Lo mejor, sin duda, era obedecer de una buena vez, sin más angustia. Qué tonto había sido en negarse a una disculpa, en demorarla: había instalado un suspenso extraordinario. Ahora no podía defraudar las espectativas de la gente, ya era tarde para elegir la resolución más conveniente a su carrera. Se debía al fluir mismo del episodio, sin manipulaciones, sin desvíos conscientes… a menos que se negara a cumplir la orden y dejara que todo concluya en un estallido.
El único problema era que él no moriría. Morirían otros, gente inocente, gente que no había besado a nadie, trabajadores. No sería un héroe, todo lo contrario. Tampoco sería un héroe si se arrodillaba, eso lo sabía bien, pero al menos podría decir que lo hizo para evitar una masacre. Eso, después de todo, pensó, no estaba tan mal.
Se levantó, se arrodilló por fin, y dijo:
-Perdón.
Listo. Ya estaba. Lo había hecho.
Por las dudas, o por inercia, se quedó de rodillas un instante más. La tribuna -masa gratinada de una emoción llena de lógica- rompió en aplausos. Todavía de rodillas, André alcanzó a ver, por entre la gente que se le acercaba, en el monitor del estudio, el comienzo de la tanda publicitaria (un envase de plástico iluminado como un dios).
Se pasó una mano por la frente y aceptó la ayuda que otras manos le ofrecían para levantarse. Las miró. No fue preciso mirar sus caras para saber a quiénes pertenecían: eran las manos de los que alguna vez lo habían hecho famoso. El director, el productor, el gerente, todas las áreas del aire lo ayudaban a levantarse. Entre palmadas y felicitaciones le decían que había sido grandioso, pero que nunca volvería a ocurrir.
Estimulado por la continuidad sin fisuras de los aplausos que lo envolvían y las palabras que le decían, tuvo aún la entereza de fingirse interesado por el ánimo de Silvita. Le dijeron que se había desmayado. André hizo “¡pst!” con la lengua y entrevió los colgajos de un vestido de lino rojo entre los brazos de los que en ese momento la sacaban del estudio. Después, ya de nuevo sentado en el sillón de la entrevista, el sillón que el destino le había señalado, y mientras la maquilladora (una señora de su casa adicta a la muerte del brillo) le retocaba la nariz, oyó decir que habían reducido a Marcos entre el “dos” y el “tres” de su conteo. No se preguntó cómo era posible que, a pesar de eso, nadie se lo hubiera dicho, que lo hubieran dejado seguir, que nadie lo haya salvado del bochorno de arrodillarse en cámara y pedir perdón.
-¿Eso es verdad? –le dijo al director.
El hombre (aunque en ese momento no era un hombre) vaciló.

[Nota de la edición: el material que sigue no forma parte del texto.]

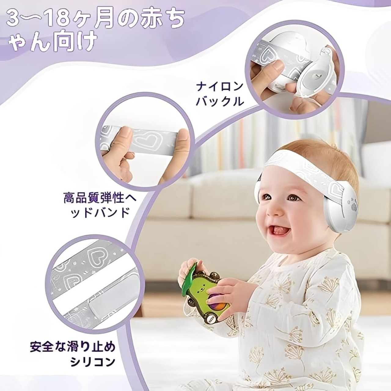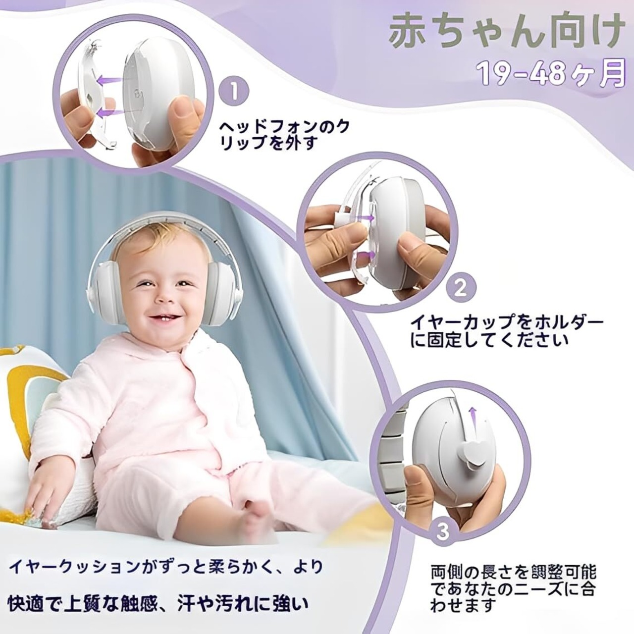 軽量設計を採用しているため、お子様が長時間つけても疲れにくい仕様です。頭にフィットするヘッドバンドは調整可能で、1ヶ月から48ヶ月のお子様まで幅広く対応します。敏感な肌にも優しく、心地良い装着感を実現しています。

-¿Podés creer que la granada que tenía era una granada vegetal, una fruta? –dijo-. Cuando yo era chico había un árbol de granadas en la casa del vecino. Después nunca más ví. Esa fruta desapareció… –Hizo una pausa y, por fin, en voz baja y culposa, respondió a la pregunta de André-: Sí, es verdad. Pero ojo, el tipo ya iba a decir “tres”. ¡Estaba a punto de hacerla explotar!

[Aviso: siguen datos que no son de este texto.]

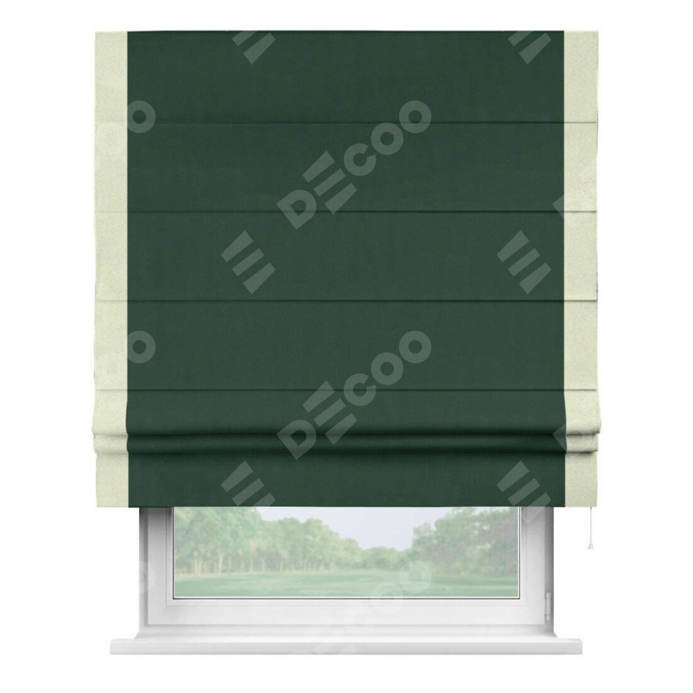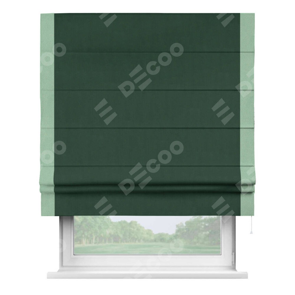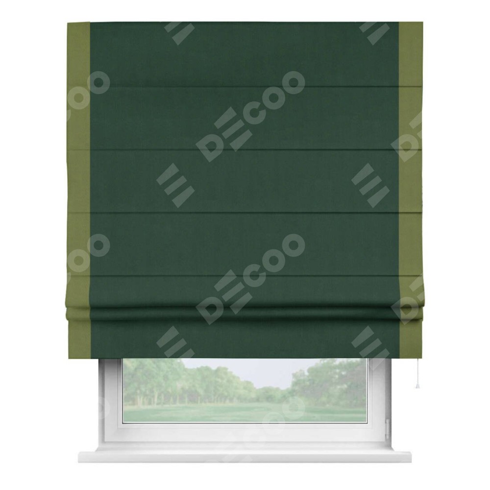 Римская штора производителя «Cortin», используется для проёма, пошита из ткани блэкаут однотонный зелёный, артикул ткани 91572−2. Отделка шторы кантом «Стрим Дуо», ткань для канта используется из блэкаута однотонного разной расцветки на выбор. Имеет универсальный механизм и подходит для монтажа: на потолок, на стену и в нишу.

Absurdo, sí. Pero no era eso lo que importaba.
Se hizo una pausa.
Después, en orden ascendente, el galán, el mal actor, el actor experimentado, el actor solvente, el buen actor, miró la hora en su reloj y preguntó:
-¿Las once ya?
Nadie dijo que sí ni que no.
El buen actor, el actor solvente, el actor experimentado, el mal actor, el galán, en orden descendente, se levantó y, con gravedad pletórica de gracia, dijo exactamente no importa qué. Y hay que reconocer que nunca antes había dicho nada mejor.